Variance prior forms for high-dimensional Bayesian variable selection

TL;DR

This paper investigates the impact of conjugate priors on Bayesian high-dimensional variable selection and proposes an independent prior approach for better variance estimation, improving predictive accuracy.

Contribution

It highlights the drawbacks of conjugate priors for variance estimation and extends the Spike-and-Slab Lasso to incorporate unknown variance with improved performance.

Findings

Conjugate priors can underestimate variance in high-dimensional models.

Independent priors for coefficients and variance improve estimation accuracy.

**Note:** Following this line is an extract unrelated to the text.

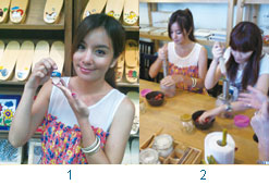 1.《食尚玩家》主持人莎莎參與宜蘭踩線一日遊, 於白米木屐村D I Y木屐。(圖片提供>文建會)2.《食尚玩家》主持人莎莎於橘之鄉蜜餞形象館DIY蜜李。(圖片提供>文建會)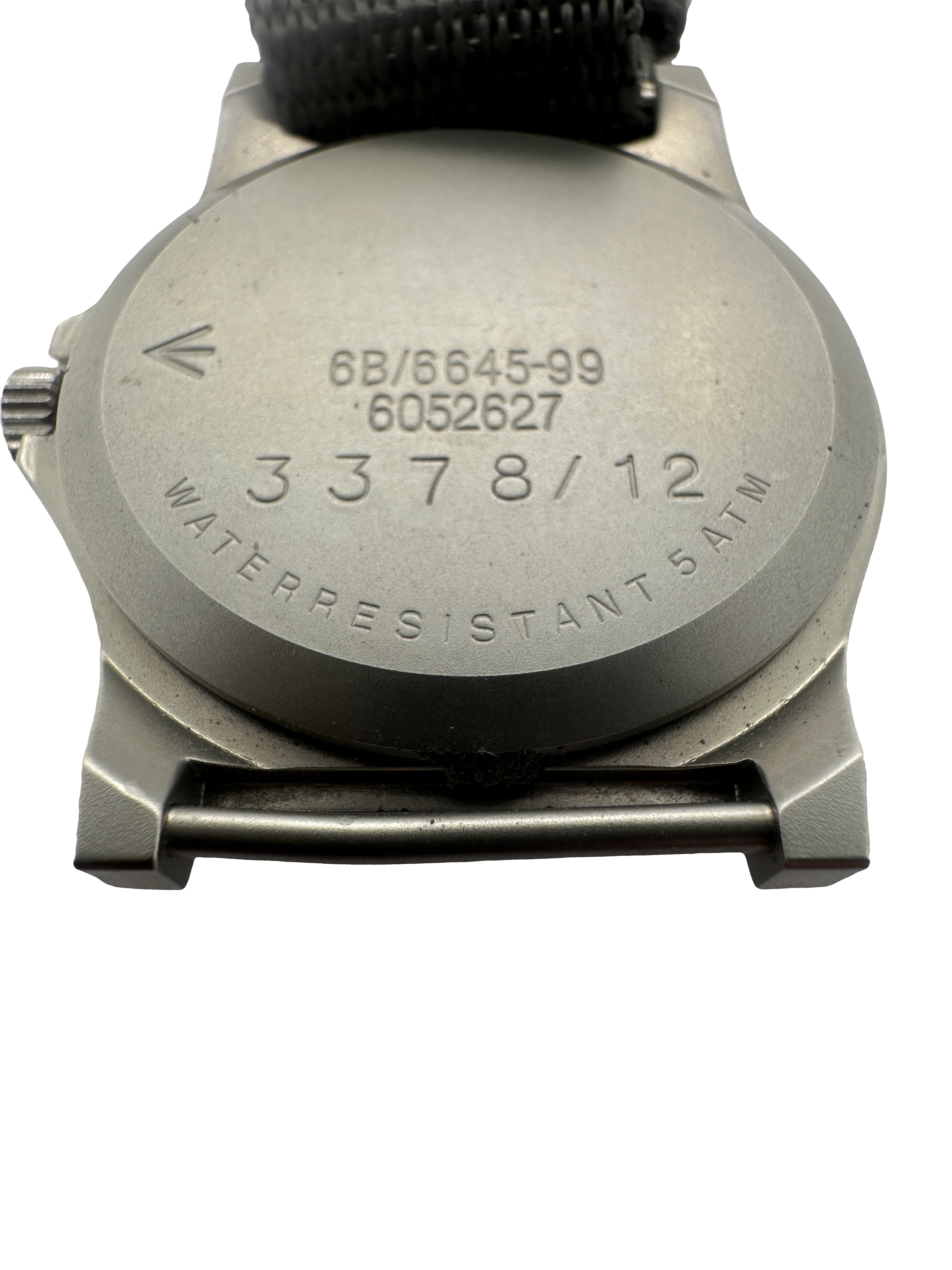 This authentic CWC (Cabot Watch Company) Military Watch, model 6B/8645-99 6052627 3378/12, is a genuine piece of British Royal Air Force history. Designed to meet MOD (Ministry of Defence) specifications, this quartz-powered pilot’s watch embodies rugged reliability and military precision.

Extended Spike-and-Slab Lasso outperforms fixed variance and other methods on real data.

Abstract

Consider the problem of high dimensional variable selection for the Gaussian linear model when the unknown error variance is also of interest. In this paper, we show that the use of conjugate shrinkage priors for Bayesian variable selection can have detrimental consequences for such variance estimation. Such priors are often motivated by the invariance argument of Jeffreys (1961). Revisiting this work, however, we highlight a caveat that Jeffreys himself noticed; namely that biased estimators can result from inducing dependence between parameters a priori. In a similar way, we show that conjugate priors for linear regression, which induce prior dependence, can lead to such underestimation in the Bayesian high-dimensional regression setting. Following Jeffreys, we recommend as a remedy to treat regression coefficients and the error variance as independent a priori. Using such an independence prior framework, we extend the Spike-and-Slab Lasso of Rockova and George (2018) to the unknown variance case. This extended procedure outperforms both the fixed variance approach and alternative penalized likelihood methods on simulated data. On the protein activity dataset of Clyde and Parmigiani (1998), the Spike-and-Slab Lasso with unknown variance achieves lower cross-validation error than alternative penalized likelihood methods, demonstrating the gains in predictive accuracy afforded by simultaneous error variance estimation.